In August 1867, Grant appointed Sheridan to head the Department of the Missouri and pacify the Plains. His troops, even
supplemented with state militia, were spread too thin to have any real effect. He resorted to the usual strategy of winter
warfare at a time when the Indians had to protect their food supplies. In the Winter Campaign of 1868–69 he attacked the
Cheyenne, Kiowa, and Comanche tribes in their winter quarters, taking their supplies and livestock, forcibly relocating
them to reservations. This type of killing and ongoing skirmishes would continue through the 1870s.
By the late 1870s, Hayes’ Indian policy was more paternalistic and fundamentally decent than those of previous years. In
the late nineteenth century, the federal government appropriated several million dollars annually for the support of Native
Americans who had been forced off their lands and on to reservations which could not adequately sustain them. Hayes’
secretary of the interior, Carl Schurz, (formerly assigned to investigation of Reconstruction policies in the South)
reformed the Indian Bureau (Bureau of Indian Affairs), the agency in his department that administered policies affecting
Native Americans. Schurz cleaned out a ring within the bureau that had received gifts from Indian contractors and was
defrauding both the Native Americans and the government.

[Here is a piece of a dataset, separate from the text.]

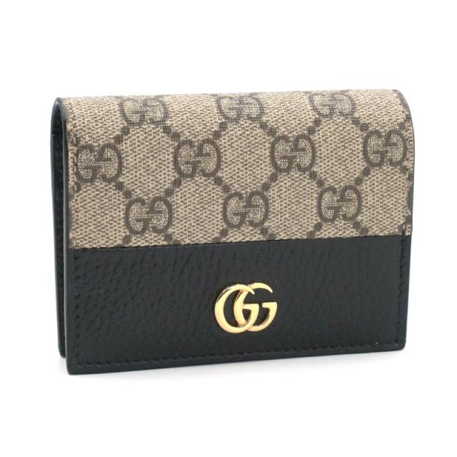 グッチ ダブルG バイカラーカードケースウォレット 658610 GGスプリーム ブラック 二つ折り財布 折りたたみ財布 GG柄 黒 中古 送料無料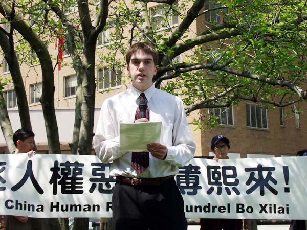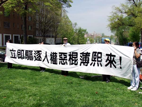 2004年4月21日中午,华府地区的法轮功学员和“追查迫害法轮功国际组织”(“追.查!国际”)、美国“法轮功之友”在中国驻美国大使馆前联合举行了新闻发布会,呼吁美国政府立即驱逐人权恶棍薄熙来。

Despite that excellent start, the removal of both the Nez Perce from their ancestral lands in eastern Oregon and of the
Ponca from their reserve along the Missouri River in the Dakota Territory had tragic consequences. Both of these
removals had been decided upon during the Grant administration and were carried out during the first three months of
Hayes’ term. The eviction of the Nez Perce from the Wallowa Valley led to a war that lasted from June to October 1877,
during which time the Nez Perce under Chief Joseph out-maneuvered and out-fought the U.S. Army, headed by General
Philip Sheridan. On a 1,700 mile retreat, the Indians were forced to surrender in Montana just south of the Canadian
border. The surviving Nez Perce were sent to the Indian Territory (present day Oklahoma).
The Ponca, who did not resist, were also sent to the Indian Territory and would have been forgotten had not one of their
chiefs, Standing Bear, tried to return to Dakota on foot in the winter with the corpse of his son, in hope of burying him
with his forebears. He was arrested in Nebraska but his plight aroused enormous sympathy in the Northeast and sparked
an Indian-rights movement that opposed removals of Native Americans. Responding to pressure but also recognizing the
injustice and the high cost of the removal policy, the Hayes administration abandoned it. Hayes, Schurz, and the Indian
Rights Association were humane in their paternalism but were not interested in preserving the culture of Native
Americans. Indeed, Hayes believed acculturation was the best policy; that education coupled with learning to be a farmer,
herder, teamster, etc. was in the Indians’ best interest.